Now thats what I called a beer battered fish....ewwwww..lol


----------



## riverKing (Jan 26, 2007)

theres one big problem with that beating the bluegill record and big daddy beat me to it, but its one big redear. what was the weight on it??


----------



## Lewis (Apr 5, 2004)

A couple nice Redears.


----------



## All Eyes (Jul 28, 2004)

Pics are much better! Thanks! Thats one very impressive redear. Couple nice ones Lewis has too.


----------



## wave warrior (Oct 2, 2005)

sweet fish there for sure lewis!!! BUT how many cans are they!!! :B


----------



## wave warrior (Oct 2, 2005)

Agent47 said:


> Now thats what I called a beer battered fish....ewwwww..lol


personally i think it was beer battered fisherMEN!!! although we only had 2 apice till we were in my drive!!!


----------



## All Eyes (Jul 28, 2004)

I once caught a crappie that was 6 cans of Copenhagen long and a pack of Swisher Sweets tall.


----------



## Master Angler (May 26, 2004)

Try catching big redears now out on PL...way overharvested and they will never return to the levels they once were. If I or anyone else on here was posting about keeping 8lb bass or even 4lbers people would tear into them. A lot of bass-kissers are hypocrites. Don't dare keep a 2lber but slaughter huge "meat" fish indiscriminately. The giant bluegill (and the redears) are/were fantastic fish and deserve some respect. I have NO PROBLEM with people practicing selective harvest - in fact I have 2 bags of medium sized crappie fillets in the freezer right now.


----------



## rattletraprex (Sep 1, 2005)

riverKing said:


> theres one big problem with that beating the bluegill record and big daddy beat me to it, but its one big redear. what was the weight on it??
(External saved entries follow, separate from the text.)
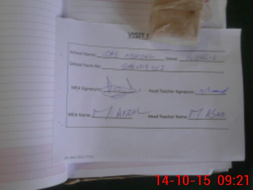| Attendance Register | Head Teacher | MEA with School | Visit Proof |
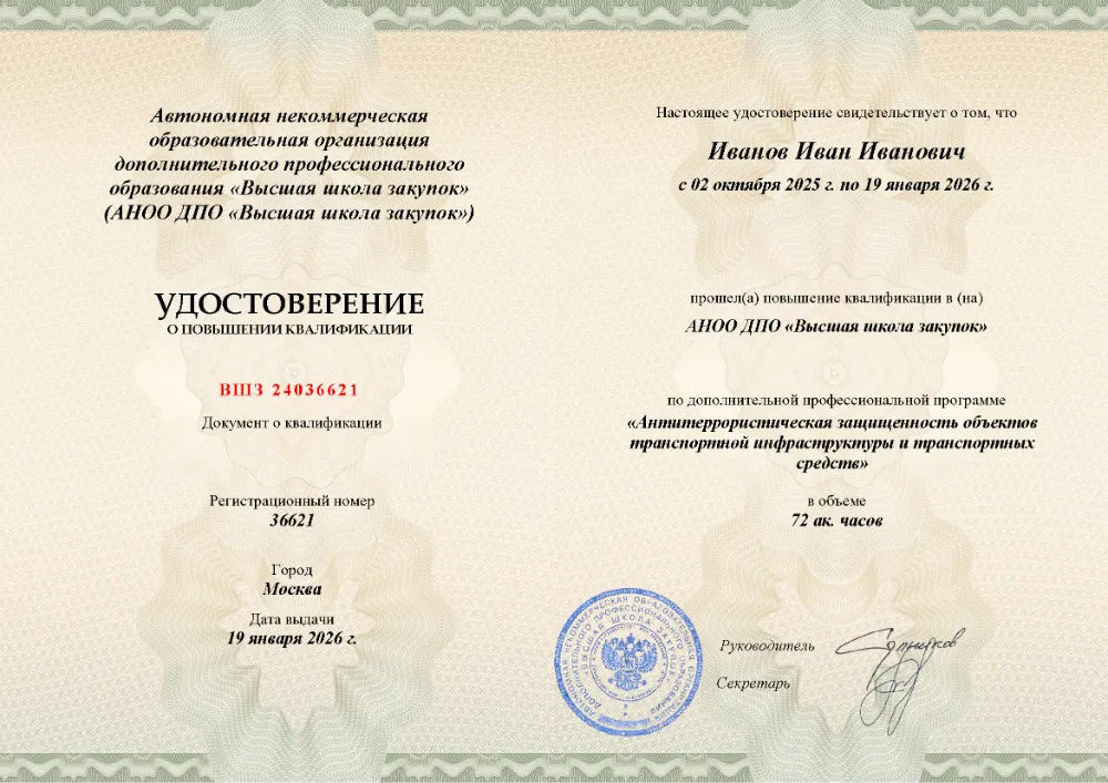 Повышение квалификации, 72 академических часов, 7 модулей: нормативно-правовые основы противодействия терроризму, анализ угроз и рисков, функциональные обязанности ответственных, инженерно-техническая укрепленность, документооборот и действия персонала при ЧС. Онлайн-обучение в в Тамбове с итоговой аттестацией.
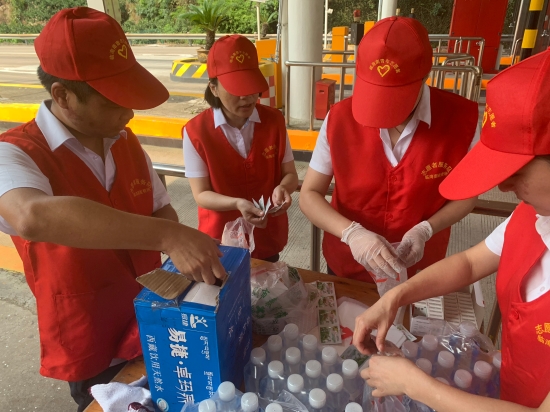 圖為志愿者在準(zhǔn)備防暑物品 “師傅,辛苦啦!這袋子里有礦泉水、風(fēng)油精、人丹一些防暑物品,您拿好,路上帶著以備不時之需!” “沒想到,你們收費站還有這個服務(wù),這次我要出趟遠(yuǎn)門,說不定路上還真能用的上,謝謝呀!”一位接過禮品袋的老師傅連聲道謝。
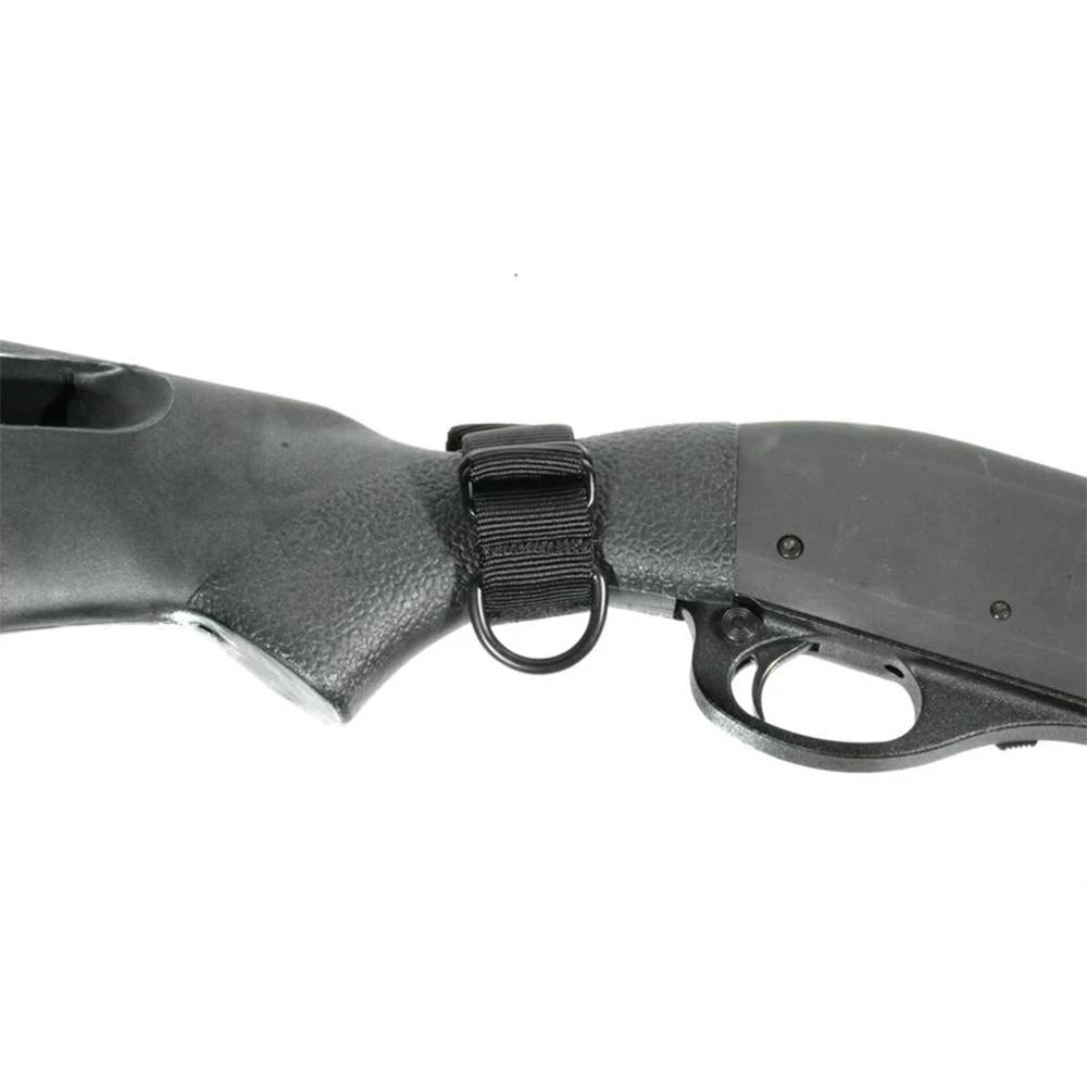 This adapter configures any weapon to access a single-point sling. Constructed of heavy-duty nylon webbing with robust metal D-rings
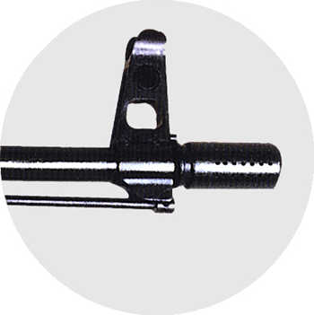 这种试验枪在枪管上方有两个旋转式平衡机械,并通过活塞连杆与枪机框相连。导气室的火药气体会进入平衡旋转机中。当发射时,机械在高压燃气的作用下旋转,产生一个拉力,使枪机框撞击机匣的力量大大减小,从而提高连发射击的稳定性。这是个大胆的尝试,不过确实是很怪异,这种装置也太笨重太复杂,因此没有获得采用。
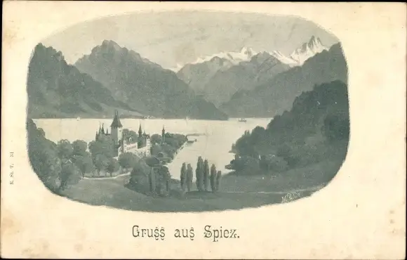 Ak Spiez am Thuner See Kanton Bern, Blick auf den Ort
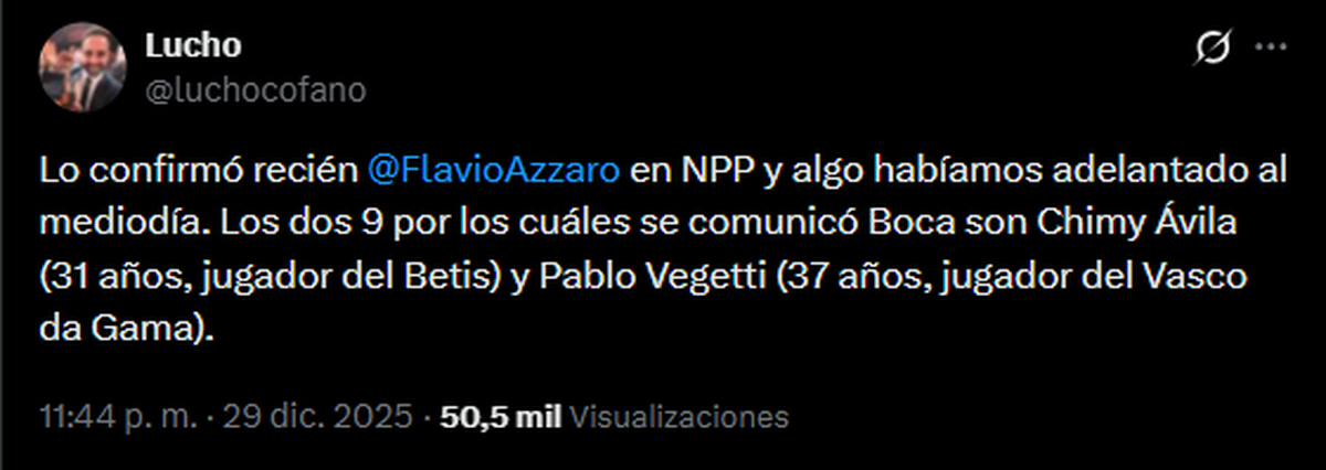 El periodista Luciano Cofano confirmó a través de X: “Los dos ‘9’ por los cuales se comunicó Boca son Chimy Ávila (31 años, jugador del Betis) y Pablo Vegetti (37 años, futbolista del Vasco da Gama)”.
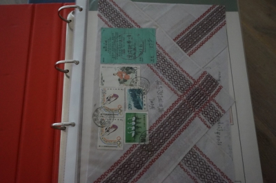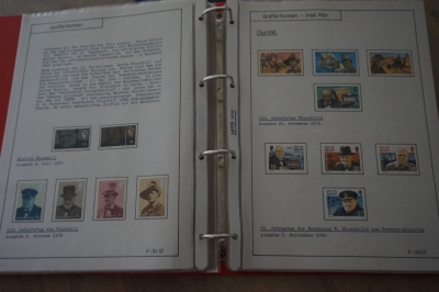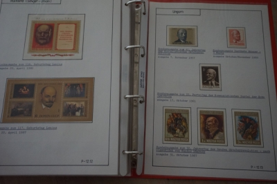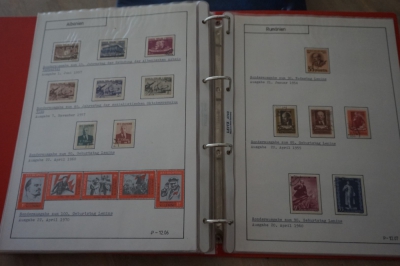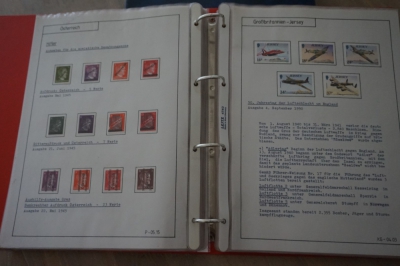 Ringband met zelfgemaakte albumbladen, verzameling postzegels Europese landen, veel ongestempeld.

Didn't weigh it but know it's not going to be a record. Was my personal best but after seeing others I realize they do get bigger. It's still in the backyard pond so when I get time I'll try to get a weight on it. Those are some nice fish Lewis,not one but two! I don't fish for just a wall mount so that fish is more then likely safe. Only took me two busch's for that one! It's all fun guys.


----------



## chaunc (Apr 11, 2004)

Went out with a guide on Kentucky lake a few years ago and did some redear and bluegill fishing. The lake was over 5 foot higher than normal pool. He still put me on some monster fish. I think he's the best on the northern part of the lake. Money well spent as he taught me how, where, and what to use to locate and catch them. One bad thing is the areas where we caught these have been dry ever since that trip.


----------



## misfit (Apr 5, 2004)

now those are some dandy shellcrackers,chaunc.they do grow them big down there


----------



## chaunc (Apr 11, 2004)

misfit said:


> now those are some dandy shellcrackers,chaunc.they do grow them big down there


One's 11" and the other is 13. Hooked for life.


----------



## misfit (Apr 5, 2004)

woah.definitely:B
no doubt,a blast to catch.


----------



## Big Daddy (Apr 6, 2004)

NICE fish Kenny!


----------



## All Eyes (Jul 28, 2004)

Holy $#!+ Chaunc! Those are bigger than some of your monster Skeeter crappie! I've caught some big bass in Kentucky Lake, but never saw any of them jumbo gills like that.


----------



## chaunc (Apr 11, 2004)

I go back every year with expectations of getting a new personal best. Don't think i'll top those redears but i got a new PB on crappies this year. Previous was 2lb 15oz. New one is 3lb 2oz, caught in 27ft water last april. Also got 5 more that day that were 2lb and better. LOOKY HERE>>>>


----------



## rattletraprex (Sep 1, 2005)

You're the man! Nice fish,aint they fun?


----------



## Lewis (Apr 5, 2004)

Nice fish Rattletraprex and Chaunc!
Chaunc,I used to fish Kentucky lake quite a bit.
My time was spent on the southern end in Tennessee.
Its an awesome fishery.


----------



## chaunc (Apr 11, 2004)

I fish mid-lake, just south of jonathon creek. SORRY for hi-jacking this thread. Didn't mean to be so rude.


----------